[BRIEF] Beginning with the line in which "to right. |" appears, transcribe each line word for word until the records end. Do not include pictures.

Dataset entries
+===+

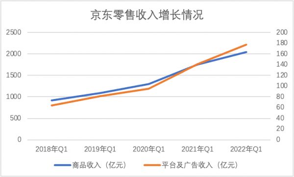 2022年Q1自营类收入同比增长16.6%,当期全国实物类电商同比增长8.8%,同周期内2021和2020年京东的平均增速为27%,当期全国网上零售两年平均增速为15.4%。
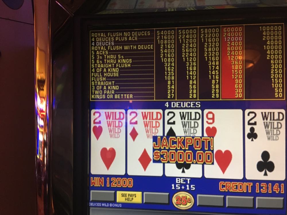 After a short break, I budgeted $300 to play the very risky double down stud bonus deuces wild game. Only 97%. However, I was extremely lucky to hit the Dealt quad deuces. I immediately headed home. Too tempting to stay and play.
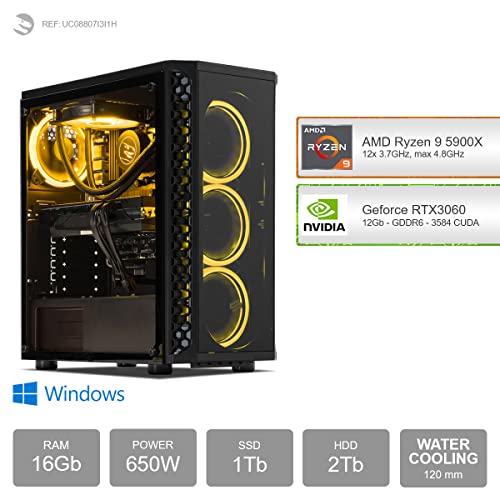 - Gaming PC, mit Prozessor 12-Core AMD Ryzen 9 5900X 12x 3.7GHz (max 4.8GHz) und Grafikkarte Geforce RTX 3060 12Gb
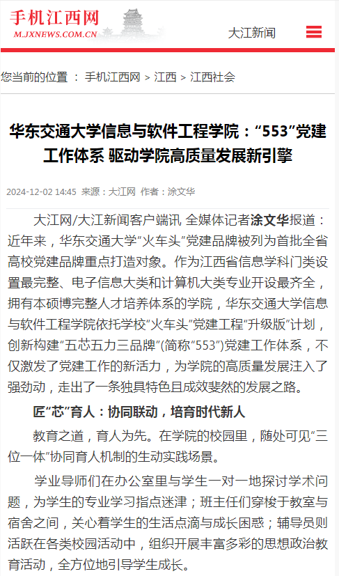近年来,beat365中文唯一官网“火车头”党建品牌被列为首批全省高校党建品牌重点打造对象。作为江西省信息学科门类设置最完整、电子信息大类和计算机大类专业开设最齐全,拥有本硕博完整人才培养体系的学院,beat365中文唯一官网信息与软件工程学院依托学校“火车头”党建工程“升级版”计划,创新构建“五芯五力三品牌”(简称“553”)党建工作体系,不仅激发了党建工作的新活力,为学院的高质量发展注入了强劲动,走出了一条独具特色且成效斐然的发展之路。
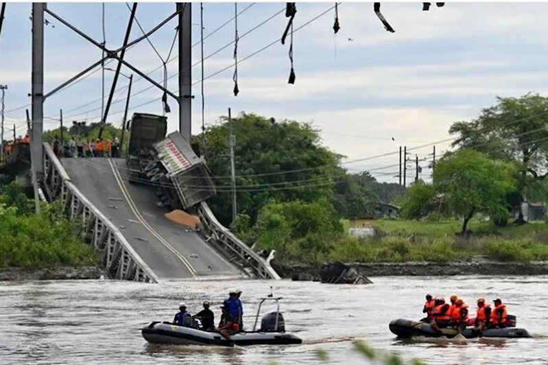 Ekvador'un Guayas bölgesinde Magro Nehri'ne üzerindeki asma köprüde çökme meydana geldi.
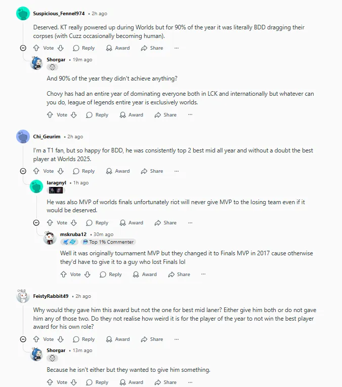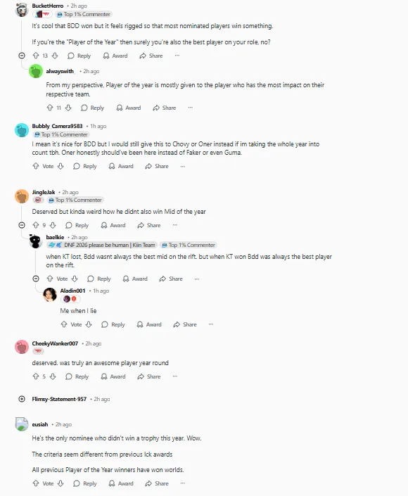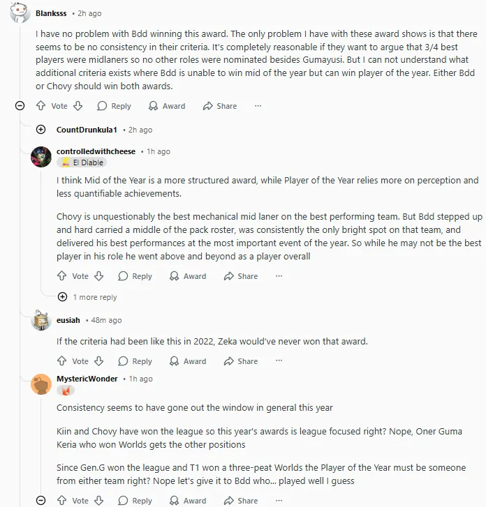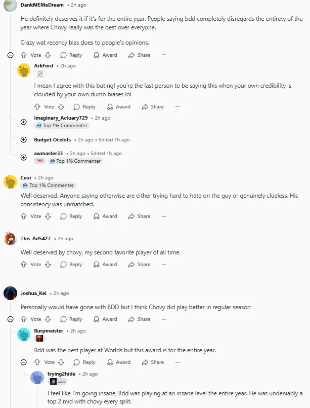 如果這是針對全年表現(xiàn)的獎項,他絕對配得上。那些說Bdd的人完全忽視了Chovy全年都比其他人表現(xiàn)更好的事實。
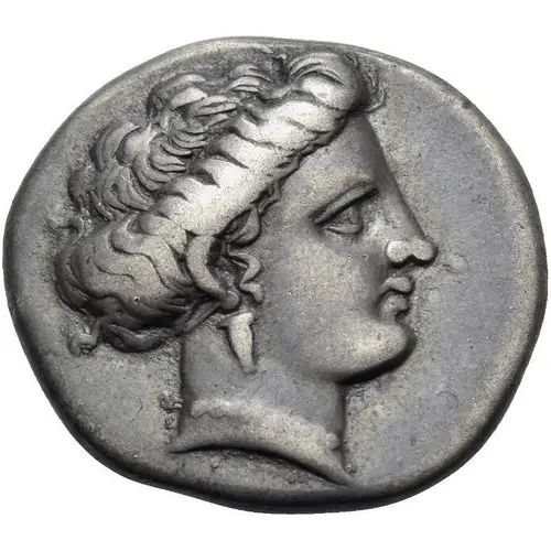 | Opis awersu | Head of the nymph Chalkis to right. |
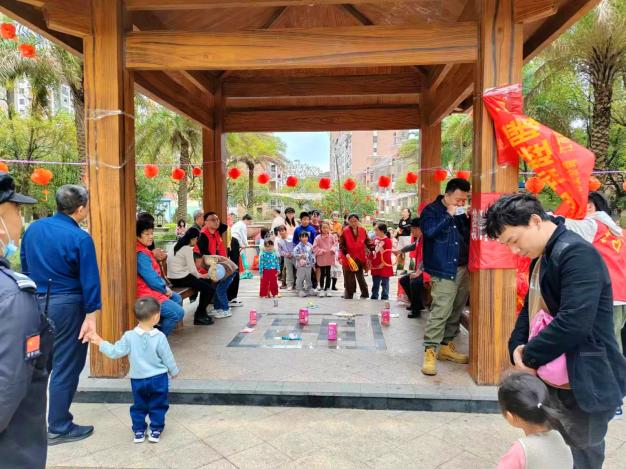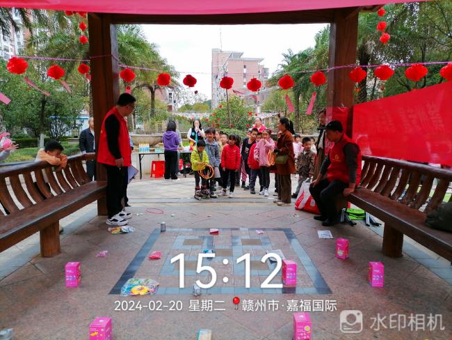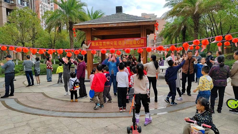 贛州嘉福國際小區聯合泥灣里社區開展“歡歡喜喜鬧元宵 鄰里和睦暖心田”猜燈謎游園活動,一排排懸掛的彩色燈謎條渲染出喜慶的節日氛圍,妙趣橫生的燈謎吸引眾多業主前來參與,有趣的小游戲吸引孩子們駐足游玩。只見業主們帶著孩子,穿梭在懸掛的燈籠中,看謎面、猜謎語、玩游戲,現場一片歡聲笑語,共同度過其樂融融的歡樂時光。

+===+

[EXERCISE SOLUTION]
 | Opis awersu | Head of the nymph Chalkis to right. |
 贛州嘉福國際小區聯合泥灣里社區開展“歡歡喜喜鬧元宵 鄰里和睦暖心田”猜燈謎游園活動,一排排懸掛的彩色燈謎條渲染出喜慶的節日氛圍,妙趣橫生的燈謎吸引眾多業主前來參與,有趣的小游戲吸引孩子們駐足游玩。只見業主們帶著孩子,穿梭在懸掛的燈籠中,看謎面、猜謎語、玩游戲,現場一片歡聲笑語,共同度過其樂融融的歡樂時光。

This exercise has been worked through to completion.